IHSG Melesat 1,89% di Tengah Aksi Demo, Saham DSSA, INET, BUMI Diburu Investor
Indeks Harga Saham Gabungan atau IHSG ditutup melonjak 1,81% atau 116,06 poin ke level 6.521 pada penutupan perdagangan Kamis (27/8). Lonjakan ini terjadi di tengah aksi unjuk rasa yang dilakukan masyarakat di depan Gedung DPR hari ini.
Wakil Ketua DPR, Sufmi Dasco, menerima berbagai aspirasi yang disampaikan massa pendemo. Di antaranya berupa masukan tentang hukuman mati bagi koruptor dalam undang-undang hingga berjanji akan merampungkan Rancangan Undang-Undang (RUU) Perampasan Aset paling lambat 15 Desember 2026.
Dia berjanji akan mengundurkan diri jika RUU Perampasan Aset tak disahkan pada tanggal tersebut. “Kami, pimpinan DPR, berkomitmen menyelesaikan RUU Perampasan Aset tepat waktu, dan kami tidak ada masalah tentang perjanjian ini. Kalau tidak selesai sebelum tenggat waktu, ya kami mengundurkan diri. Enggak ada masalah," kata Dasco di Kompleks Parlemen Senayan, Jakarta, Kamis (27/8).

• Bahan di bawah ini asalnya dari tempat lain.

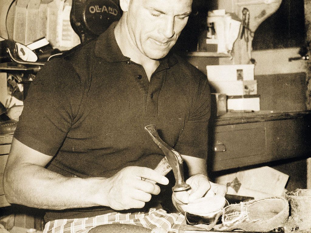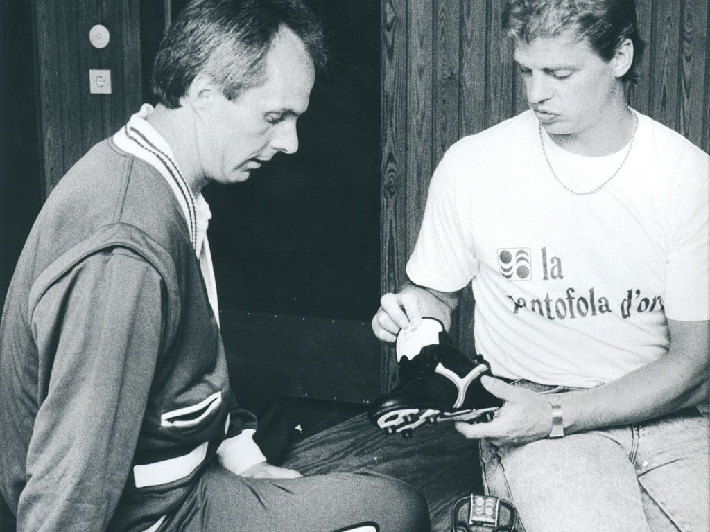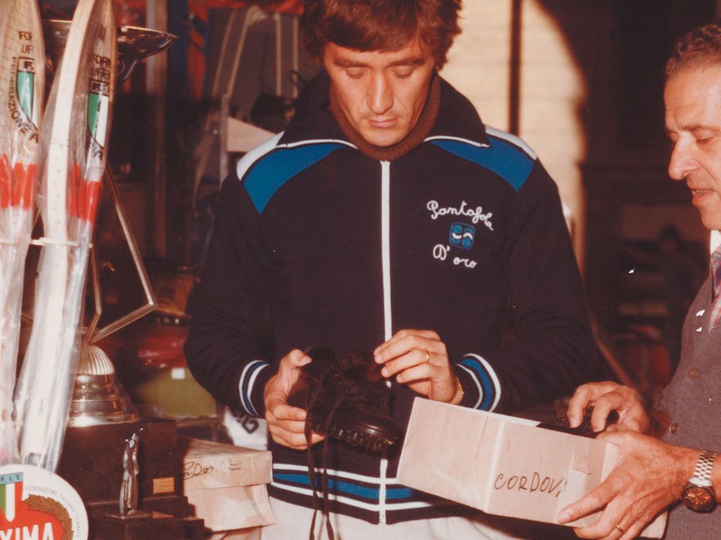The name was invented by John Charles, Juventus' Welsh top scorer, who, when putting them on his foot, exclaimed that they were more comfortable than his slippers, but the rest of Pantofola d'Oro's success belongs to Emidio Lazzarini. Son of shoemakers from Ascoli Piceno, before taking over the family business, Lazzarini had invented a long series of professions, from wrestler to billiard player, even moving to Nazi Germany in order to pursue his career as a sportsman. But when it was time to hang up his proverbial shoes, he realized that they could have become the reason why his name would have reached the coveted fame. Like many athletes, Lazzarini during his activity put aside the necessary field experience to improve the equipment used in performance to create revolutionary prototypes.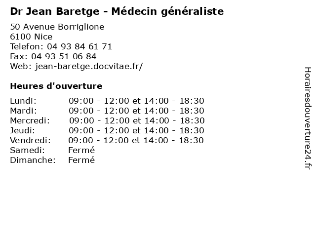 | Lundi | 09:00-12:00 et 14:00-18:30 |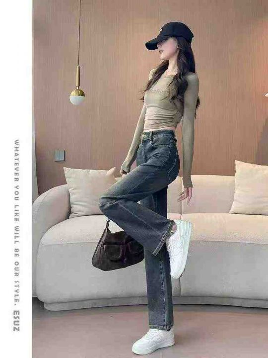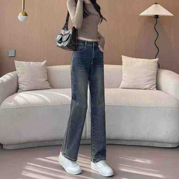 天猫下架气质高腰直筒牛仔裤女2025年新款春秋宽松显瘦...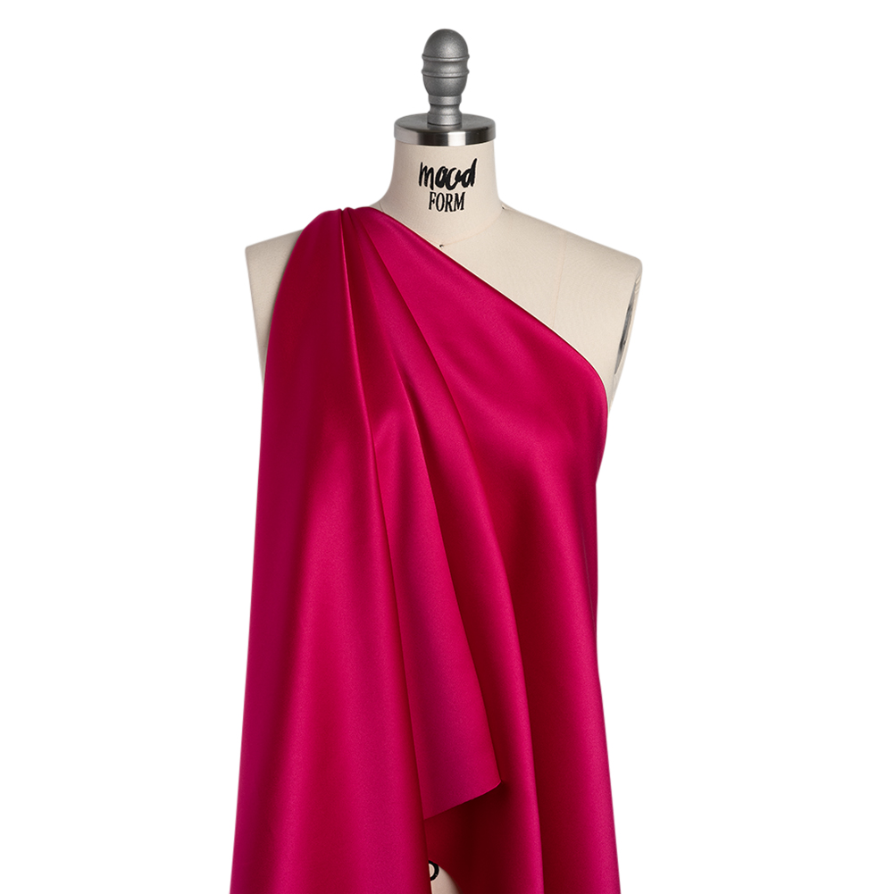 This Cerise Polyester Satin is the cherry on top of your next design. Featuring a smooth hand and fluid drape, it’s ideal for billowing evening attire.Suggested Projects: Dresses, Skirts, Blouses, LiningsContent: 100% PolyesterStretch: NoneOpacity: OpaqueThis cerise pink satin was cherry-picked for your next masterpiece. Craving the luxe look of silk satin without the stress of care and cost? Enter this glossy polyester satin collection—lightweight, silky-smooth, and effortlessly chic. Fully opaque and with no stretch, it echoes the elegance of a matte duchess satin, offering a sleek hand, radiant sheen, and fluid drape. From aisle-worthy gowns to weekday blouses, statement costumes to polished linings, this fabric brings accessible glamour to every stitch of your wardrobe. Opaque, a lining is not necessary but may be added if structure is desired.

Di tengah aksi demo, saham Grup Sinar Mas PT Dian Swastatika Sentosa Tbk (DSSA) paling banyak ditransaksikan hari ini, yaitu senilai Rp 607,35 miliar. Kemudian disusul saham PT Sinergi Inti Andalan Prima Tbk (INET) sebesar Rp 525,92 miliar, dan PT Bumi Resources Tbk (BUMI) senilai Rp 514,94 miliar.
Merujuk data perdagangan Bursa Efek Indonesia (BEI), volume transaksi perdagangan sepanjang hari ini mencapai 35,54 miliar saham dan frekuensi sebanyak 1,97 juta kali. Kapitalisasi pasar tercatat mencapai Rp 11.471 triliun dengan total nilai transaksi sebesar Rp 13,53 triliun.
Sebanyak 553 saham ditutup naik, 96 ditutup turun, dan 138 saham lainnya tidak bergerak pada perdagangan hari ini.
Seluruh sektor yang ada di BEI ditutup di zona hijau. Saham sektor industri naik paling tinggi, yaitu naik 3,95%. Penguatan ini ditopang naiknya saham PT Personel Alih Daya Tbk (PADA) yang naik 18,37% ke Rp 232; PT United Tractors Tbk (UNTR) tumbuh 2,62% ke Rp 24.475; PT Bakrie & Brothers Tbk (BNBR) melesat 6,32% ke level Rp 101, dan; PT Impack Pratama Industri Tbk (IMPC) melonjak 10,73% ke level 1.445.
Pertumbuhan juga terjadi di saham-saham bank jumbo yang pada sesi pertama terpantau bergerak bervariasi. Saham PT Bank Central Asia Tbk (BBCA) naik 0,79% ke Rp 6.400; PT Bank Rakyat Indonesia Tbk (BBRI) menguat 0,64% ke Rp 3.150; PT Bank Mandiri Tbk (BMRI) terangkat 1,20% ke level Rp 4.210, dan; PT Bank Negara Indonesia Tbk (BBNI) naik 0,82% ke level 3.710.
Sementara itu, indeks di kawasan Asia ditutup bervariasi hari ini. Indeks bursa Nikkei Jepang turun 0,14% ke level 66.168; Hang Seng terkoreksi 0,4% ke 25.549; Kospi Korea Selatan naik 1,53% ke level 6.912, dan; Shanghai Composite bertambah 1,13% ke level 3.956.
Daftar top gainers hari ini:
- PT Asuransi Jiwa Sinarmas Tbk (LIFE) naik 19,85% ke level 8.150.
- PT Kawasan Industri Jababeka Tbk (KIJA) naik 19,13% ke level 218.
- PT Sinergi Inti Andalan Prima Tbk (INET) naik 14,38% ke level 350.
Daftar top losers hari ini:
- PT PP Property Tbk (PPRO) turun 6,25% ke level 15.
- PT Bayan Resources Tbk (BYAN) turun 2,12% ke level 15.000.
- PT MNC Digital Entertainment Tbk (MSIN) turun 1,84% ke level 320.